Au-delà du geste symbolique de ce soir, l'initiative de ce soir vise également à souligner le rôle que jouent les festivals au sein de l'écosystème de l'industrie cinématographique et à garantir qu'ils ne soient pas oubliés alors que les gouvernements nationaux et l'Union européenne mettent en œuvre des plans de relance pour les secteurs audiovisuels de la région. les mois à venir.

"Nous ne sommes pas simplement une vitrine pour une poignée de bons films qui sont prêts à une certaine période de l'année, nous sommes aussi des centres de culture, des laboratoires de culture", a déclaré Barbera.

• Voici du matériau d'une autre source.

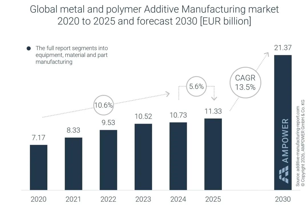 市场研究机构AMPOWER发布2026报告称,2025年全球工业金属与聚合物增材制造市场规模达113.3亿欧元,同比增长5.7%,涵盖设备、材料及零件制造供应商销售额。
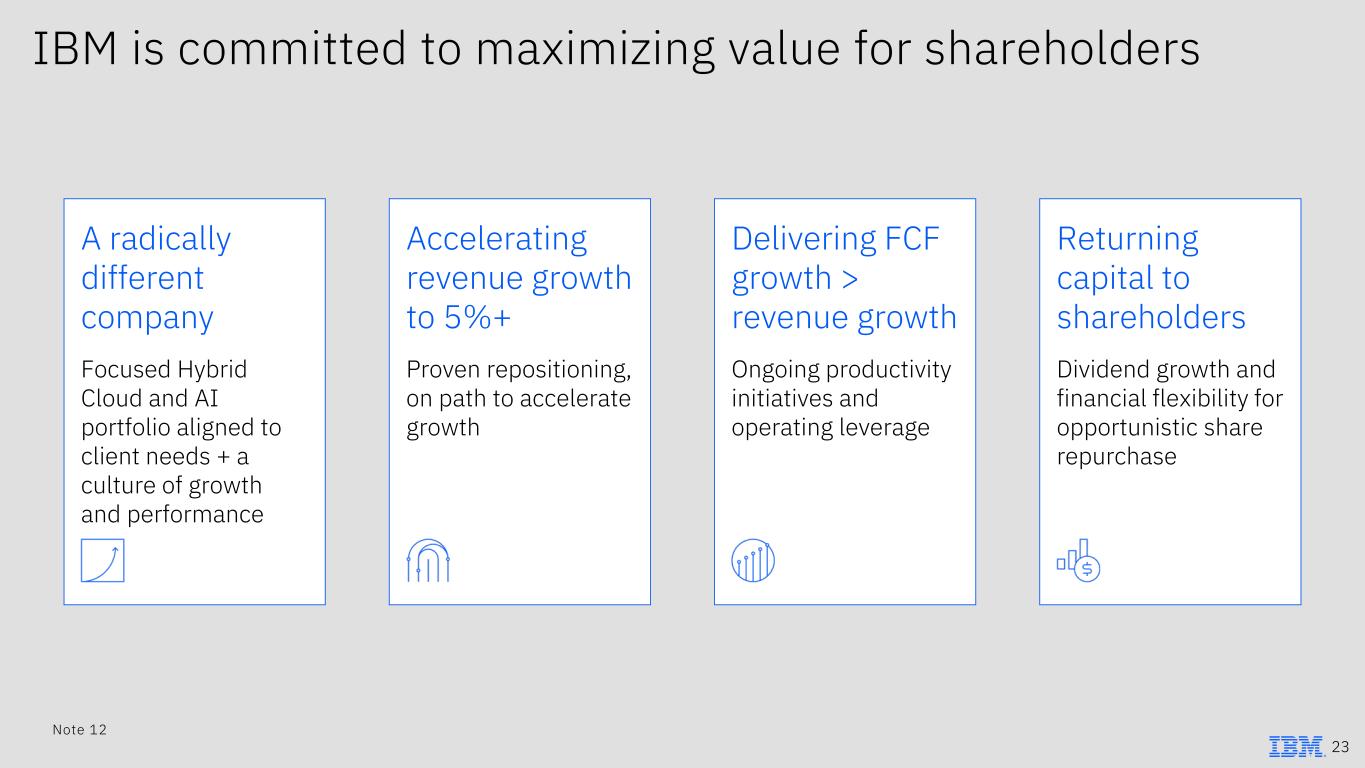 IBM is committed to maximizing value for shareholders A radically different company Focused Hybrid Cloud and AI portfolio aligned to client needs + a culture of growth and performance Accelerating revenue growth to 5%+ Proven repositioning, on path to accelerate growth Delivering FCF growth > revenue growth Ongoing productivity initiatives and operating leverage Returning capital to shareholders Dividend growth and financial flexibility for opportunistic share repurchase 23 Note 12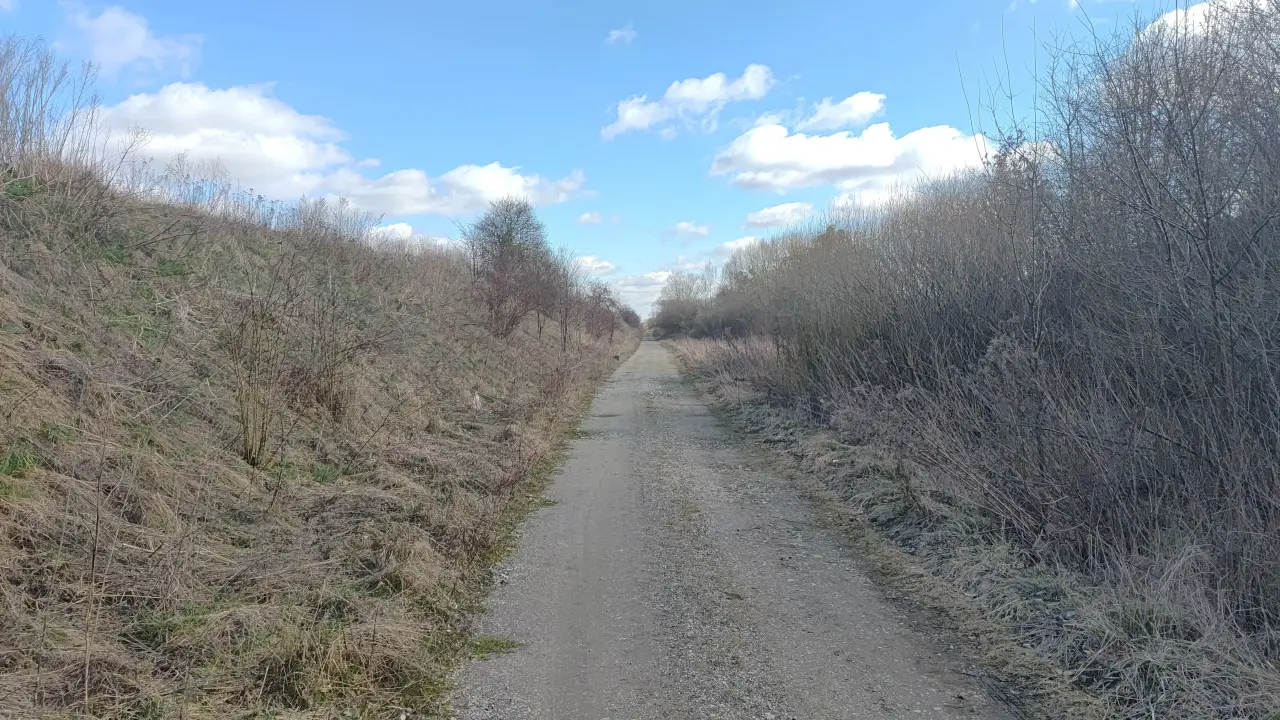 Widoczna ścieżka na pierwszym planie to starotorze, (niestety zdjęcia przyczółków mostu na Młynówce nie posiadam, ze względu na psy puszczone w samopas, które krótko po wykonaniu tego zdjęcia zaatakowały mnie.) Widok w kierunku na Kisielice.

Il a souligné le rôle que Venise joue tout au long de l'année à travers l'initiative du Biennale College ainsi que le travail réalisé par Rotterdam avec le Fonds Hubert Bals et le marché de coproduction Cinemart et Cannes avec la Cinéfondation.

Barbera a ajouté que tous les directeurs de festivals feraient pression sur leurs représentants culturels respectifs pour garantir que les festivals reçoivent une reconnaissance pour leur travail ainsi qu'un soutien aux niveaux local et international en cette période difficile.

Mais la priorité principale et immédiate, a-t-il souligné, était de protéger l’expérience cinématographique du visionnage de films sur grand écran et, à cette fin, les salles de cinéma qui ont subi « d’énormes dégâts » à la suite des confinements liés au Covid-19.

« Ensemble, nous devons soutenir ce secteur pendant la crise. Si les cinémas ferment, nous risquons de perdre cette expérience fondamentale.